Proof Surface — the accountability contract

Accountability built in, not just promised.

Here is the heart of it. A tool that claims to keep things accountable, but quietly hands itself power, has already broken its own promise — so I built this one to do the opposite. It will not accept anything shaped like a grab for power. Every answer it gives comes from a short, fixed list it cannot wander outside of — allow, deny, needs-human (meaning: stop and ask a person), deploy, block — and you can always check which one you got. It writes down what happened; it leaves the actual stopping and starting to the program around it, or to you. It is the record, not the guard. I did not want it to be the guard.

There are two kinds of receipt, kept deliberately apart. The work-record receipt faces outward — a checkable note of what the agent did, so it can be reviewed. The authorization receipt faces inward — proof that a real person really granted permission, and it must say when that permission runs out and spell out exactly which actions are allowed. An empty list allows nothing at all. Permission has to be said out loud, kept narrow, and given an end. And the same simple rule — reject anything shaped like a grab for power — is checked at every level, even deep inside nested parts, so nothing slips through unnoticed.

The gate — the doorway every action passes through — holds back its yes until permission, budget, and the actual observed situation each clearly check out. It says no by default; if anything is unclear it still says no; and even its yes is only ever a recommendation.

The contract family.

Proof-surface packet — think of it as a plain envelope of evidence. One part fills it; another part reads it. It is the shared backbone the rest of the pieces clip onto.

Work-record receipt — a checkable note of what an agent did, handed outward so someone can look it over. It only goes one way: the tool writes it and sends it out. It is never read back in and trusted as if it were the agent’s own memory.

Authorization receipt — proof that a real person said yes: a permission that is small on purpose, that runs out, and that can be taken back. It is something to check against, never something fed back into the agent as if it were settled fact. The check_action step asks one plain question — was this exact action allowed? — and answers it; it never quietly writes a “you are trusted” note into the agent’s own memory.

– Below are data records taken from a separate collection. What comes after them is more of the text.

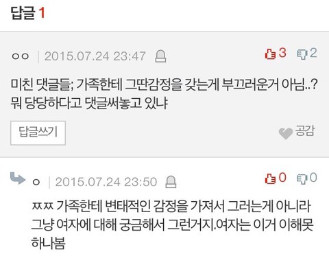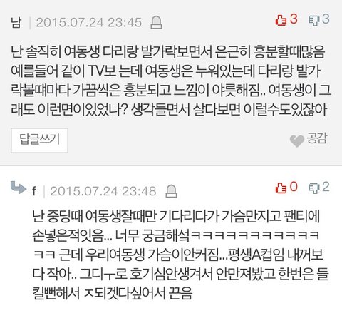 웃긴건 저러는게 남자들 본능이라 어쩔수 없다면서 뭘 잘못했는지도 모르고 조카 당당하다는거ㅋㅋㅋㅋㅋㅋ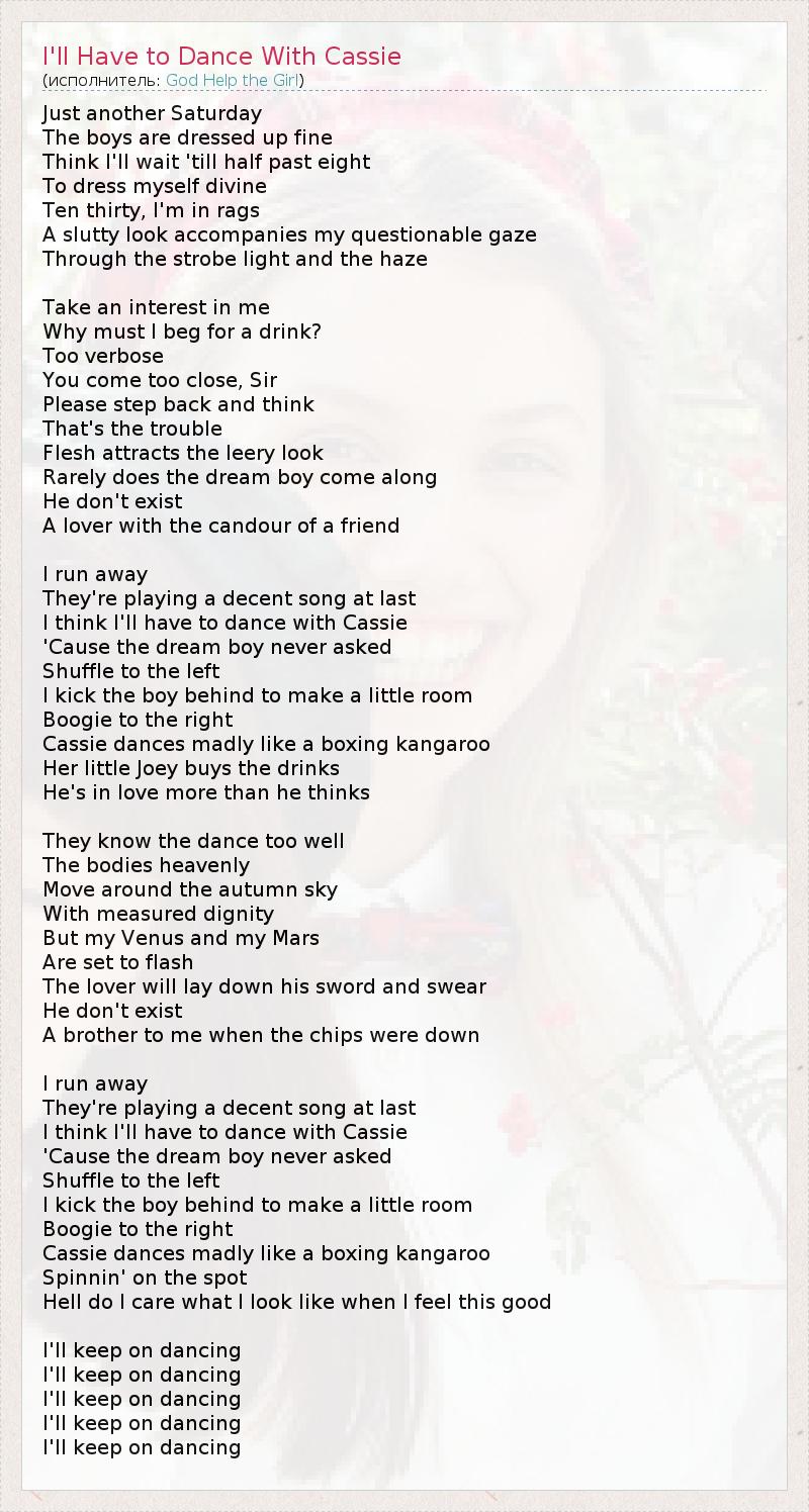 ГлавнаяИсполнителиGod Help the GirlI'll Have to Dance With Cassie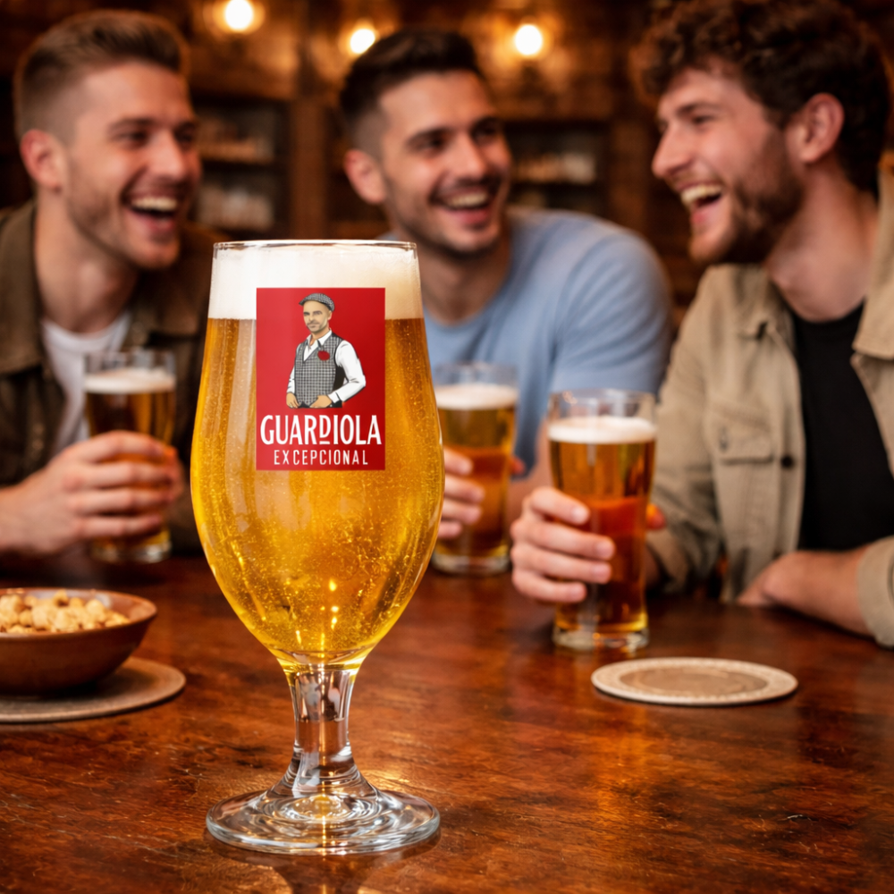 Enjoy a pint like a true City fan with this Pep Guardiola Madri-style stemmed glass. Perfect for Manchester City supporters, great for home bars or as a unique gift.

Pre-execution gate — the doorway every action passes through before it happens. It says no by default; if anything is unclear it still says no; and its answer is a recommendation, not a command. You hand it a planned action, the permission slip behind it, a budget, and (if you have it) a look at the real situation, and it gives back a GateDecision — allow, deny, or needs-human (stop and ask a person) — and shows its reasoning for each one. Allow is the rarest answer. Anything it cannot clearly confirm becomes needs-human instead of quietly slipping through.

Evaluation contract — a final check before something ships, not a feel-good grade. Each thing it measures has a bar to clear and a note for whether it’s required. The evaluate step answers deploy, block, or needs-human, and it takes uncertainty seriously. If a measurement lands too close to call — partly above the bar, partly below — it stops and asks a person. If something required was never measured at all, that too is needs-human. It never ships on a maybe.

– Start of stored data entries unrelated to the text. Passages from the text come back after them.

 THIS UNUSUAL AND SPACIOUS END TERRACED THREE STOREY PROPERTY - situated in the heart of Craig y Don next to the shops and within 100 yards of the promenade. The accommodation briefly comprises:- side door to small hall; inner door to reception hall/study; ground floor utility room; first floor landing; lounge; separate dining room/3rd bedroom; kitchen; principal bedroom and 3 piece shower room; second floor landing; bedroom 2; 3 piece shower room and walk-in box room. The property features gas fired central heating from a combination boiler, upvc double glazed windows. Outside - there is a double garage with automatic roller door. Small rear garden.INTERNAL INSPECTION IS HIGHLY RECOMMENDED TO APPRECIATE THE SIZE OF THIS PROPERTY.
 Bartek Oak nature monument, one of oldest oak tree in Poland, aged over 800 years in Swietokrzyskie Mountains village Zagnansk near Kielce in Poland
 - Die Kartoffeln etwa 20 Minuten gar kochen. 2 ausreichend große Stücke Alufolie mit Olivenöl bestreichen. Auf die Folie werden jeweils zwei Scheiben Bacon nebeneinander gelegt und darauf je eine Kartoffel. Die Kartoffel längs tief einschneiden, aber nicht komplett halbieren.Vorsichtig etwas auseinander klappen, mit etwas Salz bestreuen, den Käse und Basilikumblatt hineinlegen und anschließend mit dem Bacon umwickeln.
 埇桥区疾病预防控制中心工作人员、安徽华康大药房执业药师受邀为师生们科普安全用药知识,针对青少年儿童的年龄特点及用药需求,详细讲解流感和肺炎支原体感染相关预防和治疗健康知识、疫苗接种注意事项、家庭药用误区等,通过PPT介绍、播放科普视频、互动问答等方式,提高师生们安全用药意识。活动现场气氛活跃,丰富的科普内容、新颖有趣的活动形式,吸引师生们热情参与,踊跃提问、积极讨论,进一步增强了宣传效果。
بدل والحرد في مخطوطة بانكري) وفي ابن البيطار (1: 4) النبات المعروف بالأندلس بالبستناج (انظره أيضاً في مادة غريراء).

Claim ledger — a shared, traceable memory for when several agents are working together. Every claim carries how sure its source was, plus honest links: what it leans on, and what it clashes with — and those links have to point at real things. The ledger quietly raises its hand at shaky claims, at clashes someone flagged, and at everything downstream that a doubtful claim might have tainted. It tells you where things came from and how sure they are; it does not pretend to be the judge of what’s true.

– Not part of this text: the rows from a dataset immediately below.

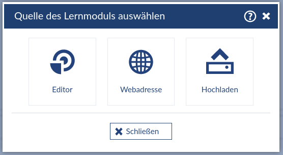 In beiden Fällen öffnet sich ein neues Fenster, in dem Sie die Quelle des Lernmoduls festlegen müssen.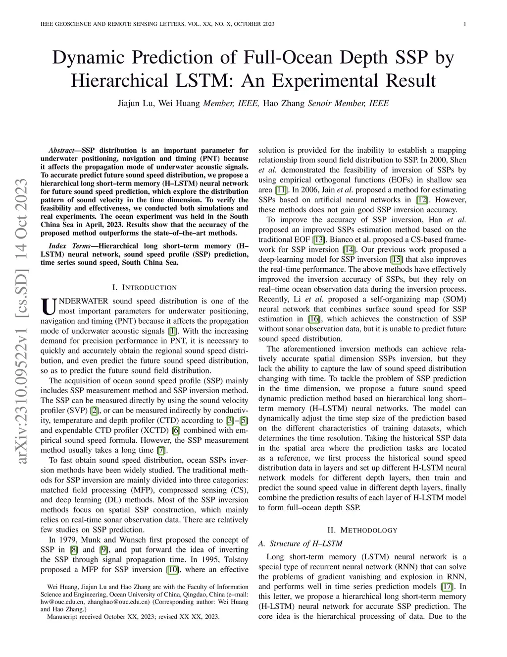 SSP distribution is an important parameter for underwater positioning, navigation and timing (PNT) because it affects the propagation mode of underwater acoustic signals. To accurate predict future sound speed distribution, we propose a hierarchical long short--term memory (H--LSTM) neural network for future sound speed prediction, which explore the distribution pattern of sound velocity in the time dimension. To verify the feasibility and effectiveness, we conducted both simulations and real experiments. The ocean experiment was held in the South China Sea in April, 2023. Results show that the accuracy of the proposed method outperforms the state--of--the--art methods.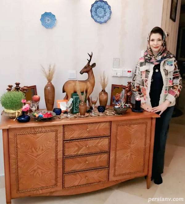 تصویر روز | سفره هفت سین با چیدمانی خاص در خانه شیده معاونی مجری دهه ۶۰ / تجلی زیبایی و طراحی خاص روی کنسول چوبی با تزیینات سنتی و مدرن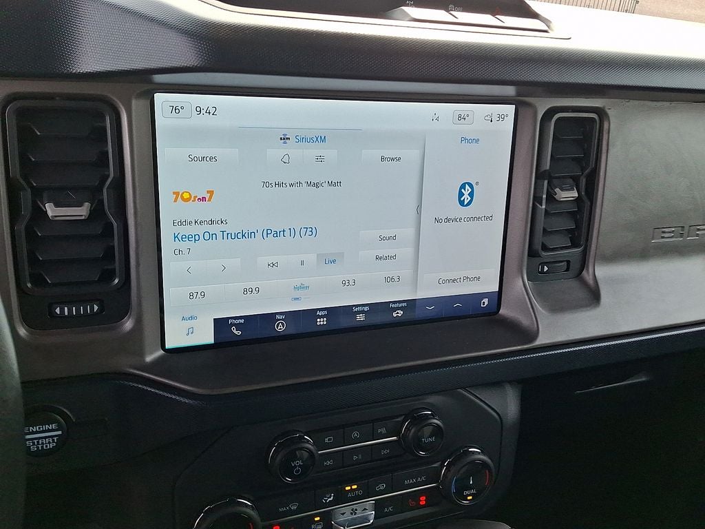 Immerse yourself in the connected technology of the Bronco Outer Banks, featuring a state-of-the-art infotainment system, navigation, and a 360-degree camera for enhanced awareness and control. Enjoy the comfort of heated front seats, dual-zone automatic climate control, and a premium sound system that will elevate your driving experience.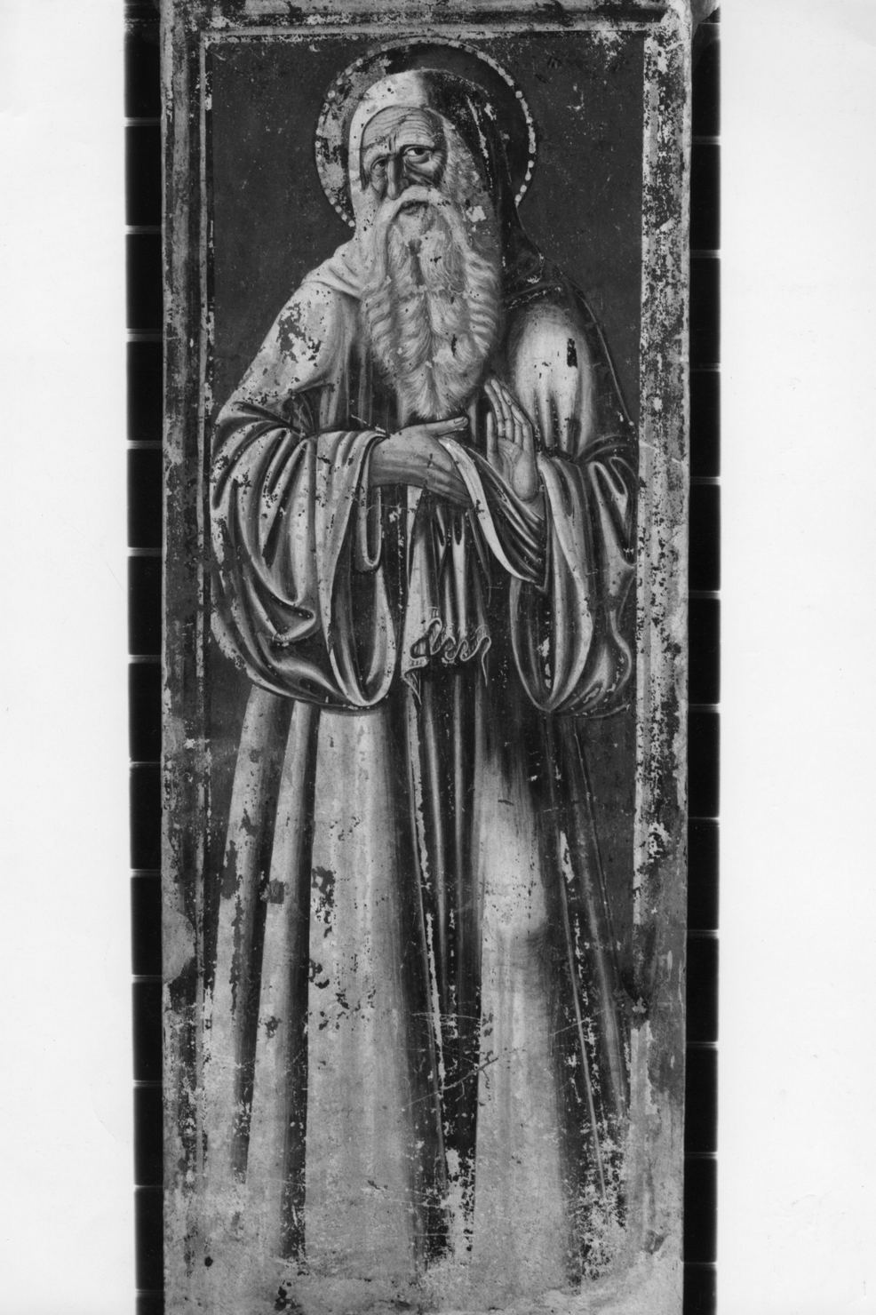 dipinto policromo sul fronte di un pilastro, formato rettangolare in verticale con cornice modanata dipinta che inquadra la figura. santo benedettino barbuto con cappuccio indossato raffigurato di fronte in piedi nell'atto di sfilarsi dall'interno di una manica un panno bianco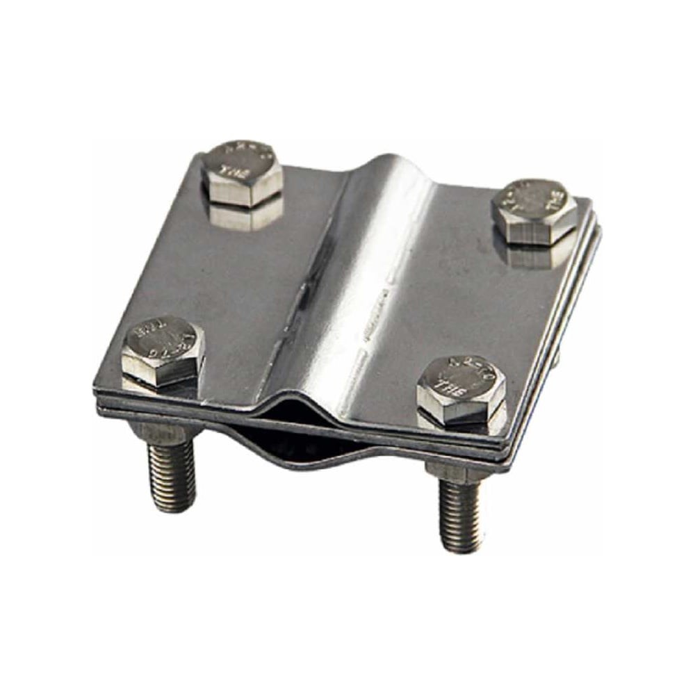 Зажим предназначен для соединения оцинкованного стержня заземлителя диаметром от 12 до 20 мм с полосой шириной до 40 мм или токоотводом 8-10 мм. Зажим стягивается при помощи четырех шестигранных болтов с гайками, выполненных из нержавеющей стали. Является составляющей комплектов заземления.

Delegation chain — the trail when permission is handed down, person to helper to helper. The very first handoff has to come from a real human — an agent can never be the original source of authority. Each handoff can only narrow what it received, never widen it; a helper quietly granting itself more actions or more targets is exactly the kind of grab this catches, and it is DENIED. Each step is sealed to the one before it with a fingerprint (SHA-256), and the whole trail is locked into a single chain_binding, so quietly snipping a step off or tacking one on gets caught. The verify_delegation step gives one of three plain answers — VALID, DENIED, or UNVERIFIABLE — and it only fills in effective_scope (what the permission actually amounts to) when the answer is VALID.

Don’t take the contract. Watch it refuse.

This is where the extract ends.